Sports a 269Tb zfs filesystem for data and computational scratch space on /pool0 (see below)

Compute nodes: n0000, n0001, n0002, n0003

Cluster Configuration

Node Access Storage Filesystems Description of Use CPU CORES MEMORY GPU
catscan.lbl.gov ssh with either LDAP credentials or password provided by administrator /home: local drive, 211G

/pool0 ZFS filesystem, 269T
/clusterfs/bebb/users

/clusterfs/bebb/group-sw
Login node Intel(R) Xeon(R) Gold 6126 48 (HT Enabled) 196 GB N/A
n000[0-1] ssh from catscan.lbl.gov with cluster key As above via nfs As above via nfs Compute node Intel(R) Xeon(R) Gold 6126 48 (HT Enabled) 196 GB 4x NVIDIA GeForce GTX 1080 Ti
n000[2-3] ssh from catscan.lbl.gov with cluster key As above via nfs As above via nfs Compute node 24 188 GB 2x NVIDIA RTX A4500

Operating System: CentOS Linux release 7.9.2009 (Core)

Nvidia driver & NVRM version: NVIDIA UNIX x86_64 Kernel Module 510.73.05 Sat May 7 05:30:26 UTC 2022

Each compute node has 4 GPUS:

CUDA Driver Version / Runtime Version          10.1 / 10.0 
CUDA Capability Major/Minor version number:    6.1 
Total amount of global memory:                 11178 MBytes (11721506816 bytes) 
(28) Multiprocessors, (128) CUDA Cores/MP:     3584 CUDA Cores 
GPU Max Clock rate:                            1582 MHz (1.58 GHz) 
Memory Clock rate:                             5505 Mhz 
Memory Bus Width:                              352-bit L2 
Cache Size:                                 2883584 bytes 
Maximum Texture Dimension Size (x,y,z)         1D=(131072), 2D=(131072, 65536), 3D=(16384, 16384, 16384) 
Maximum Layered 1D Texture Size, (num) layers  1D=(32768), 2048 layers 
Maximum Layered 2D Texture Size, (num) layers  2D=(32768, 32768), 2048 layers 
Total amount of constant memory:               65536 bytes 
Total amount of shared memory per block:       49152 bytes 
Total number of registers available per block: 65536 
Warp size:                                     32 
Maximum number of threads per multiprocessor:  2048 
Maximum number of threads per block:           1024 
Max dimension size of a thread block (x,y,z): (1024, 1024, 64) 
Max dimension size of a grid size    (x,y,z): (2147483647, 65535, 65535) 
Maximum memory pitch:                          2147483647 bytes 
Texture alignment:                             512 bytes 
Concurrent copy and kernel execution:          Yes with 2 copy engine(s) 
Run time limit on kernels:                     No 
Integrated GPU sharing Host Memory:            No 
Support host page-locked memory mapping:       Yes 
Alignment requirement for Surfaces:            Yes 
Device has ECC support:                        Disabled 
Device supports Unified Addressing (UVA):      Yes 
Device supports Compute Preemption:            Yes 
Supports Cooperative Kernel Launch:            Yes 
Supports MultiDevice Co-op Kernel Launch:      Yes 
Device PCI Domain ID / Bus ID / location ID:   0 / 94 / 0 
Compute Mode: < Default (multiple host threads can use ::cudaSetDevice() with device simultaneously) >

Queue Configuration

At the moment, there is no resource manager/scheduler. Depending on how the resources are used, this may change.

Additional Notes

Authentication

Currently authentication is LDAP -- the same credentials that you would use to access gmail.lbl.gov. We are in the process of evaluating OTP over ssh keys, or simply OTP.

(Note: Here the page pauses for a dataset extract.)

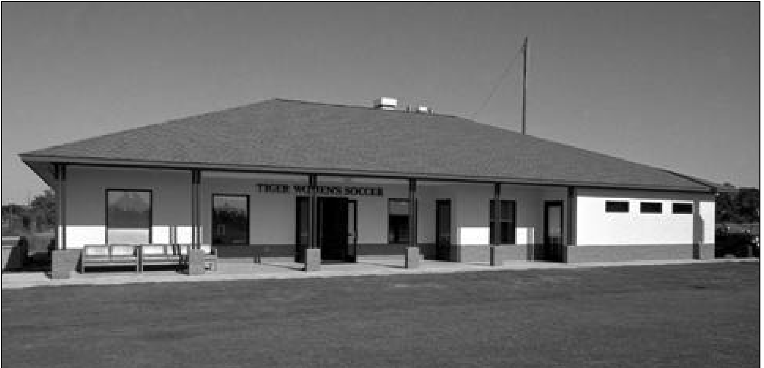
The Tigers' brand new facility houses the locker rooms, offices, as well as an on-site training room.

Accessing the Compute nodes

You will need to generate ssh-keys for intra-cluster access to the compute nodes.

To do this run:

ssh-keygen -t ed25519

Then run

cat ~/.ssh/id_ed25519.pub >> ~/.ssh/authorized_keys

Then finally

chmod 600 ~/.ssh/authorized_keys

The suggested default name and location should be fine. You will be prompted for a password, but to leave it blank just hit enter. Passwords can interfere with intra-cluster node communication when launching jobs, particularly with a scheduler should we choose to deploy one.

Storage for Data

Each user will be granted space under /clusterfs/bebb/users for data. There is also a group directory to which the group has write permission. This directory should be used for custom builds of software of which the group may want to take advantage. This is modeled after what we offer on our clusters in 1275, but this is your cluster so you can choose to use it how you desire.

Software Module Farm

See Documentation on using "modules".

Apptainer (formerly known as Singularity)

Some of you have expressed the need to import custom software built on different architectures. Instead of re-inventing this on the catscan architecture, you can use Apptainer.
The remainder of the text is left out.